Indexing notifications table in DynamoDB

I am going to implement a notification system, and I am trying to figure out a good way to store notifications within a database. I have a web application that uses a PostgreSQL database, but a relational database does not seem ideal for this use case; I want to support various types of notifications, each including different data, though a subset of the data is common for all types of notifications. Therefore I was thinking that a NoSQL database is probably better than trying to normalize a schema in a relational database, as this would be quite tricky.
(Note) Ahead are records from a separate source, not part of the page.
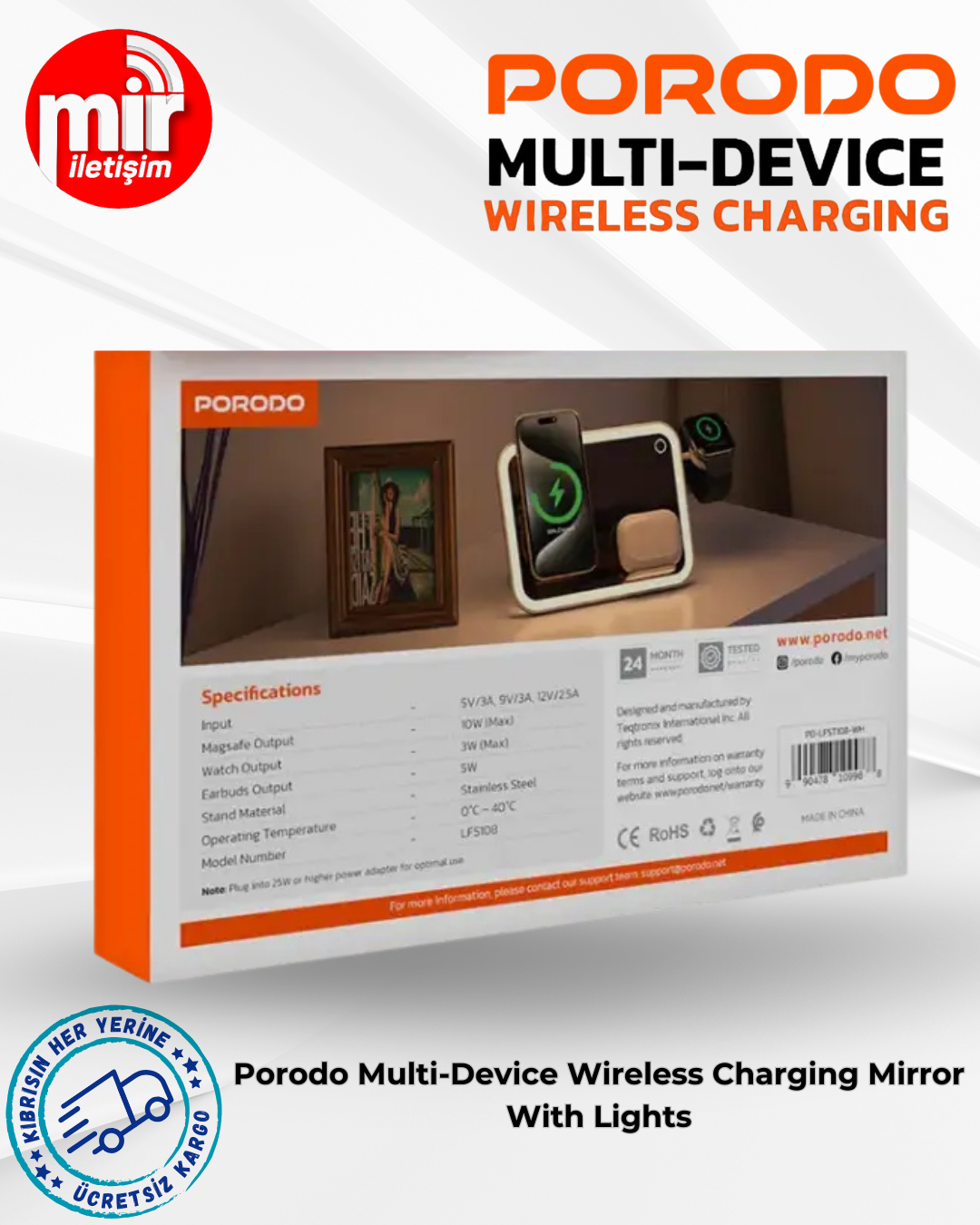 Porodo Çoklu Cihaz Kablosuz Şarj Aynası, kullanışlı ve şık bir aksesuardır. 10W MagSafe özelliğine sahip olup,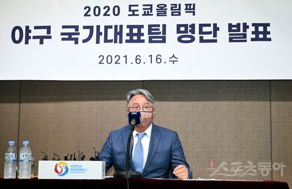 16일 서울 도곡동 야구회관에서 열린 ‘2020 도쿄올림픽’ 야구 국가대표팀 명단 발표 행사에 참석한 김경문 야구국가대표팀 감독이 취재진의 질문에 답하고 있다.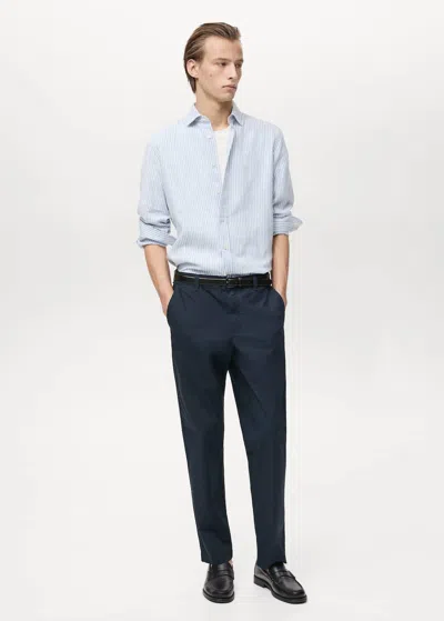 MANGO MAN Cotton Pants With Adjustable Drawstring Dark Navy
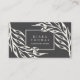 Island chic business cards feature your name and/or business name in ivory on a charcoal grey background, framed by creamy off-white tropical leaves in a vintage hand drawn style. Personalise with your contact information on the reverse side in grey in ivory, accented with smaller leaves.

My application is hosted in Amazon Web Services (AWS), and I have been looking a bit at DynamoDB for storing the notifications. This is because it is managed, so I do not have to deal with the operations of it. Ideally, I'd like to have used MongoDB, but I'd really prefer not having to deal with the operations of the database myself. I have been trying to come up with a way to do what I want in DynamoDB, but I have been struggling, and therefore I have a few questions.
Suppose that I want to store the following data for each notification:
An ID
User ID of the receiver of the notification
Notification type
Timestamp
Whether or not it has been read/seen
Meta data about the notification/event (no querying necessary for this)
Now, I would like to be able to query for the most recent X notifications for a given user. Also, in another query, I'd like to fetch the number of unread notifications for a particular user. I am trying to figure out a way that I can index my table to be able to do this efficiently.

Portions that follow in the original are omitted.